Namun, aku tidak tahu bagaimana harus mengatakan soal istriku. Mariama, dia ingin menikah lagi walau sadar sepenuhnya bahwa aku ada sebagai suami sahnya. 


Tidak perlu dibayangkan bagaimana reaksiku ketika Mariama meminta menikah lagi. Aku hanya diam untuk meresapi perasaan marah, kecewa, benci, dan sedih. Aku juga diam karena sadar diri. Aku tidak punya kaki dan hanya menghabiskan waktu di rumah tanpa melakukan apa pun. Akulah si cacat itu, yang amat beruntung bisa menikah dengan Mariama karena sesuatu alasan. 


"Aku mempertahankanmu. Kita tidak perlu bercerai agar aku bisa mengurusmu sampai nanti. Hanya itu, aku pinta kepadamu, izinkan aku menikah dengan Azrisal. Kami saling mencintai dan ingin memiliki satu sama lain. Dia juga tidak keberatan denganmu dan status kita. Dia tidak masalah dengan keputusanku yang mempertahankan dirimu." Begitu yang Mariama katakan kepadaku, di kamar bisu, ketika aku hanya bisa menunduk saat mendengarkannya. 

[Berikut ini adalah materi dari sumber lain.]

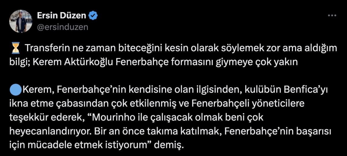 Kerem Aktürkoğlu’nun yöneticiler ile yaptığı konuşmayı açıklayan Ersin Düzen, "Kerem, Fenerbahçe’nin kendisine olan ilgisinden, kulübün Benfica’yı ikna etme çabasından çok etkilenmiş ve Fenerbahçeli yöneticilere teşekkür ederek, 'Mourinho ile çalışacak olmak beni çok heyecanlandırıyor. Bir an önce takıma katılmak, Fenerbahçe’nin başarısı için mücadele etmek istiyorum' demiş" ifadelerini kullandı.

"Kita berpisah saja." Aku mengambil keputusan setelah beberapa waktu bungkam. 


"Tidak bisa." Dia menggeleng dengan tegas. "Aku memiliki hutang kepadamu di pundakku dan keluargaku. Aku akan mempertahankanmu demi kewajiban yang harus aku bayar," lanjutnya. 


Lagi-lagi, aku terdiam. Diam cukup lama sambil mengingat-ingat mengapa Mariama mau menikah denganku. Jika tidak salah, keluarga Mariama memiliki hutang kepada keluargaku. Hutangnya berupa uang dan jasa yang kemudian berubah menjadi janji nikah antara aku dengan Mariama. 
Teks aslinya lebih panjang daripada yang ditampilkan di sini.